== GOAL OF THE EXERCISE ==
Repeat the stretch of entries below from the line with "Zx141 to dom" through the line with "Cambridge ZipIts Releasable/Reusable". Include both ends and add nothing.

== MATERIAL SHOWN ==
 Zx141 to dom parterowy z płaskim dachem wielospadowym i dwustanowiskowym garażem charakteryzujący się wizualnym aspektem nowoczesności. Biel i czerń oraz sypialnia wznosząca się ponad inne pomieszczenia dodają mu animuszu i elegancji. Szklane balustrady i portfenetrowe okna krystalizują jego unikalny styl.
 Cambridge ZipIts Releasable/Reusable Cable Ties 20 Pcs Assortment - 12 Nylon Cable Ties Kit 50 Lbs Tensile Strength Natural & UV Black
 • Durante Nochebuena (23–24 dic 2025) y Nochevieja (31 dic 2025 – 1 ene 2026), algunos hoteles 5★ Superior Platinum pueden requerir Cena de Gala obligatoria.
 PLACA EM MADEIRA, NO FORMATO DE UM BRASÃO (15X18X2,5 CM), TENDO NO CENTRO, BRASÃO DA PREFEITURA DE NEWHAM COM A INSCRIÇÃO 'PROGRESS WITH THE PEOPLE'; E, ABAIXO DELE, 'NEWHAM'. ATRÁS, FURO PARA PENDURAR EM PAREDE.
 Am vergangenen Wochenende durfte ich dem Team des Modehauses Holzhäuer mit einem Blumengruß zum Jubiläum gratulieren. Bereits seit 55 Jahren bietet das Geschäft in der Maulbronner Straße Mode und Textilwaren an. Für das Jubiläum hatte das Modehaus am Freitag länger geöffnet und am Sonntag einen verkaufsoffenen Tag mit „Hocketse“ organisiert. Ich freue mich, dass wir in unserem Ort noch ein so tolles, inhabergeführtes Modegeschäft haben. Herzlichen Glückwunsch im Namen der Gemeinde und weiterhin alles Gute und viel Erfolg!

---

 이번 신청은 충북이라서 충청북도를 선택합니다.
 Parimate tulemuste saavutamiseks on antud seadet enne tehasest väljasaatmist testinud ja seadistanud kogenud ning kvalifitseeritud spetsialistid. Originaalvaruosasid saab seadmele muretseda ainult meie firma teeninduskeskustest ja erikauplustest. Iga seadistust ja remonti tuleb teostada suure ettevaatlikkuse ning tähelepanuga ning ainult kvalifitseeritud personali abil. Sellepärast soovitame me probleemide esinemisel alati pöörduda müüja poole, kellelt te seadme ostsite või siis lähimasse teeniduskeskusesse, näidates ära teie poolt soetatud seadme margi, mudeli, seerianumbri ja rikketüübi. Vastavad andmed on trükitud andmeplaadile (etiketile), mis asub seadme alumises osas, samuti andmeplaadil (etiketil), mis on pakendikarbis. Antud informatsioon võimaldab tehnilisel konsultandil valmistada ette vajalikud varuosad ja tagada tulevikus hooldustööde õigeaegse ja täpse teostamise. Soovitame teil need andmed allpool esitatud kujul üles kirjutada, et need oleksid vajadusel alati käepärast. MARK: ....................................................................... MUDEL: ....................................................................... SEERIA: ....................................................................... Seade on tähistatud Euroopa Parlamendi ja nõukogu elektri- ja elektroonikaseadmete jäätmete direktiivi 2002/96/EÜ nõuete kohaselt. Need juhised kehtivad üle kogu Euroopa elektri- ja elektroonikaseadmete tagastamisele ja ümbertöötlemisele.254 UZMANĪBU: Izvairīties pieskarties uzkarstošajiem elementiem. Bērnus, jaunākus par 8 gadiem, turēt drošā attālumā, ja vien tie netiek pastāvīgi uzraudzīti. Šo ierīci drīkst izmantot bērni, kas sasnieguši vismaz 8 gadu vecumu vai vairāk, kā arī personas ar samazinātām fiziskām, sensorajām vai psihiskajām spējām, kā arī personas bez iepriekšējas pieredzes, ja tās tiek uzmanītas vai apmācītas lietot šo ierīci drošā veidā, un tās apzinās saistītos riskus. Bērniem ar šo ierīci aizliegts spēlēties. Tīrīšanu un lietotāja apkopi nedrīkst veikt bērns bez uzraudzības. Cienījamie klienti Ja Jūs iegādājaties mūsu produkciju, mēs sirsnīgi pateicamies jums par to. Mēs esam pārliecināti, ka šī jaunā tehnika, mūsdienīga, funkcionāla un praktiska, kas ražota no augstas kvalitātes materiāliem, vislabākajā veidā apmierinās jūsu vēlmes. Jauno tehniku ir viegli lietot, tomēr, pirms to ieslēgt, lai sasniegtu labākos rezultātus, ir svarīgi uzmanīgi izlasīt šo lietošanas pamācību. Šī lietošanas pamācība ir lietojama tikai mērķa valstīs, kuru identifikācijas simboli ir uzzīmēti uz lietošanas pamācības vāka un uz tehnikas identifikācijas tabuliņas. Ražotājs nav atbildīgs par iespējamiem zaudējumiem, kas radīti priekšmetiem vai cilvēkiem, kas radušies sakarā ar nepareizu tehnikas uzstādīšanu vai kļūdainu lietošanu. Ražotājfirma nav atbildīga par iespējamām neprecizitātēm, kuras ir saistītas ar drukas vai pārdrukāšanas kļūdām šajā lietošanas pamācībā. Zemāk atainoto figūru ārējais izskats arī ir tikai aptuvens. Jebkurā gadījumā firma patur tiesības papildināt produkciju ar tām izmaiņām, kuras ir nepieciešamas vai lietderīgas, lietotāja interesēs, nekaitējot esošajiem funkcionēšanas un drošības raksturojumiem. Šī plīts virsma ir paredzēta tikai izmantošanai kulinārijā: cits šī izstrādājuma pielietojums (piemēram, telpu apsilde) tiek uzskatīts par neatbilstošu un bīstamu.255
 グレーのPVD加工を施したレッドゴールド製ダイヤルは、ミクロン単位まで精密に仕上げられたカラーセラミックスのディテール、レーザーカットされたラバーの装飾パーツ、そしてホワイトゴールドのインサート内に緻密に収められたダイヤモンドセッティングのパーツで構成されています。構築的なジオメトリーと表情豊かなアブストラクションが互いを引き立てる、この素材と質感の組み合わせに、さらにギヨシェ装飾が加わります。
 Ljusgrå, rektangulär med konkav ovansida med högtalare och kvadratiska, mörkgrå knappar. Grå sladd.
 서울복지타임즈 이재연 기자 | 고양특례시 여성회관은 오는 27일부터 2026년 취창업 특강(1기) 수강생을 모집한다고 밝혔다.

== TASK SOLUTION ==
 Zx141 to dom parterowy z płaskim dachem wielospadowym i dwustanowiskowym garażem charakteryzujący się wizualnym aspektem nowoczesności. Biel i czerń oraz sypialnia wznosząca się ponad inne pomieszczenia dodają mu animuszu i elegancji. Szklane balustrady i portfenetrowe okna krystalizują jego unikalny styl.
 Cambridge ZipIts Releasable/Reusable Cable Ties 20 Pcs Assortment - 12 Nylon Cable Ties Kit 50 Lbs Tensile Strength Natural & UV Black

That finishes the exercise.